Amen. Read the whole thing; it's a wonderful, passionate synopsis of this strange malaise that has infected this country's soul.

One final thing about the mining tragedy, and it's really all I'm even going to say on the subject: I note that a pretty healthy chunk of media coverage, from when the miners were still initially thought to be alive, through now, as they prepare for the funerals, seems to revolve around all this ceremonial genuflection to God. Their prayers were first thought to be answered, then the exact opposite. Now the priests are insisting that God was with the miners as they expired. Um, no. If that were the case, they'd have been rescued, no?

The boilerplate response to that is always that it was all just part of His Plan. But you look at the lives of the people in these areas -- even had the miners been rescued, what then? Recuperate and back to work, or move to where there's some opportunity.

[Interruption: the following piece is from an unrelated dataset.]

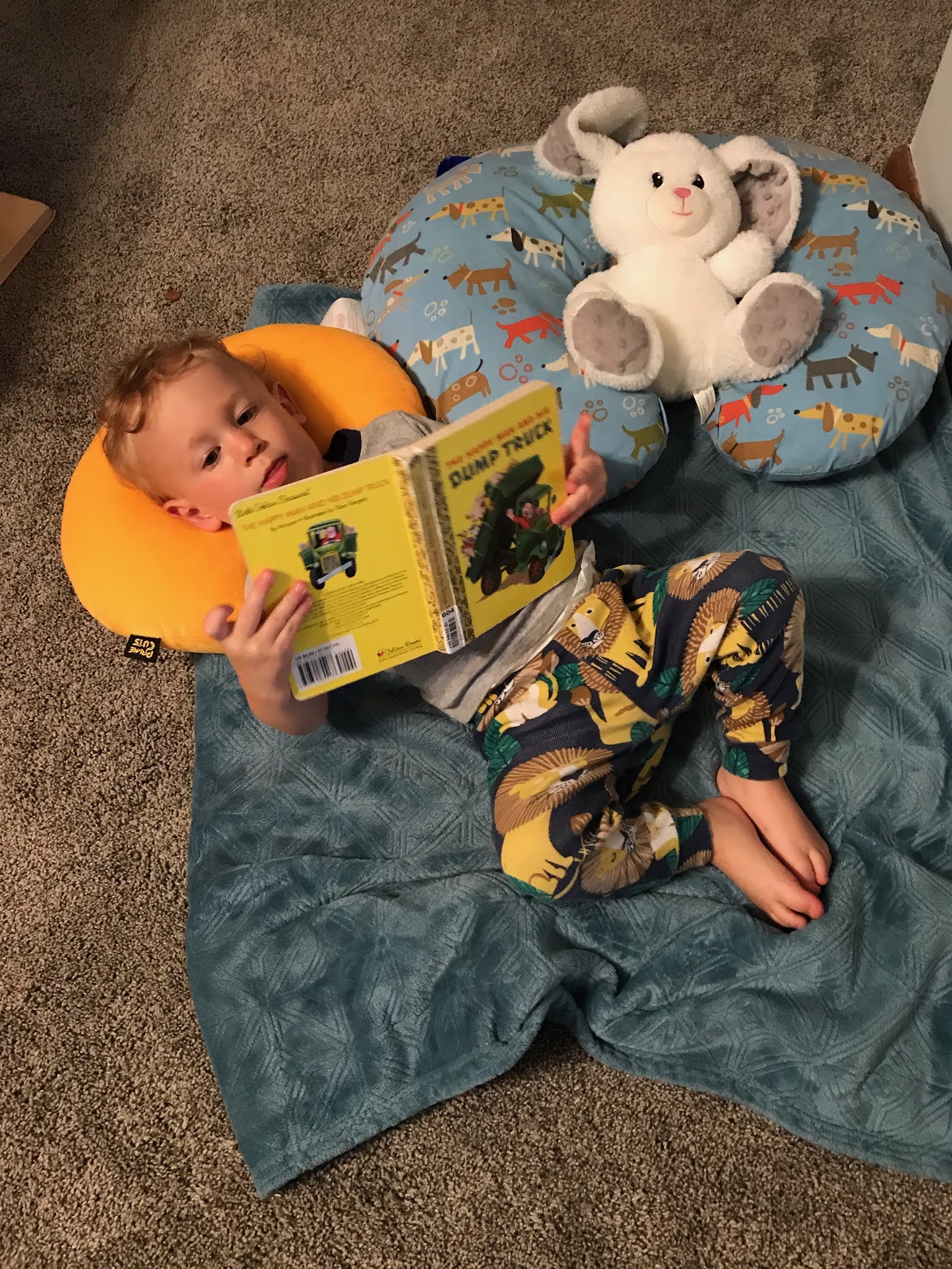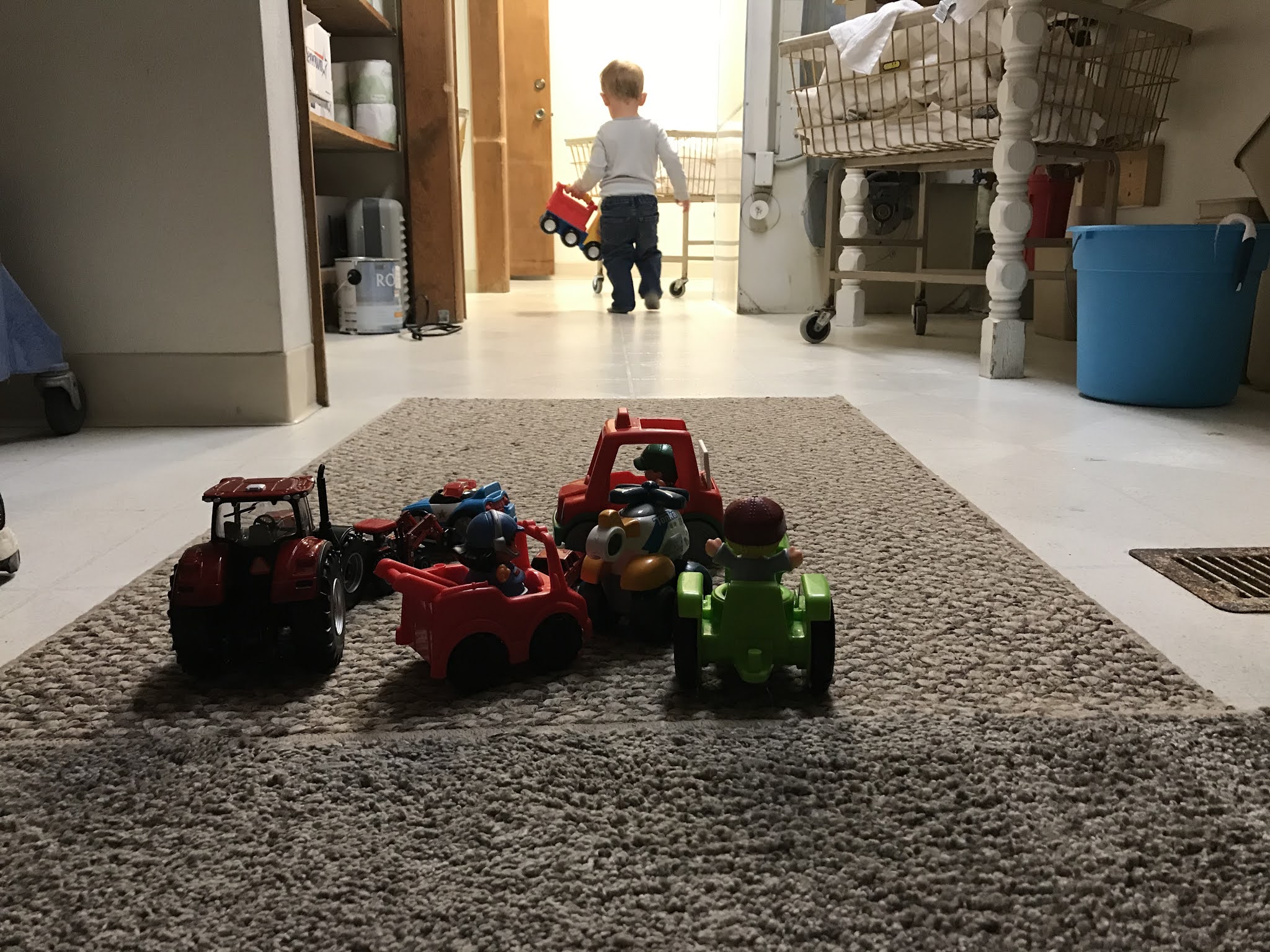 But he is especially thrilled whenever he gets to go “updear”(the upstairs of the farm house) to play with all the uncles tractors!

It's nasty, dangerous work, work that no one aspires to, work that people get caught in, mired in, because they are in an area that presents them with no decent choices.

Top that off with the concessions that the extraction industries have wrung out of this administration, and you wonder what sort of deity has a plan that dooms the hopeful and exalts the useless. If there was a God, wouldn't Paris Hilton or Michael Jackson have been trapped in a mine shaft?

So enough of the mindless navel-gazing, media weasels. We get it -- the pious walk the earth, publicly resigned to their fate, and we must all pretend that the invocations and rituals have some practical meaning. If they spur us to have the sort of national conversation ReddHedd describes, then yes. But when the air time is saturated instead with chanting and praying, not so much. It has devolved into some sort of rubbernecking cathartic Event.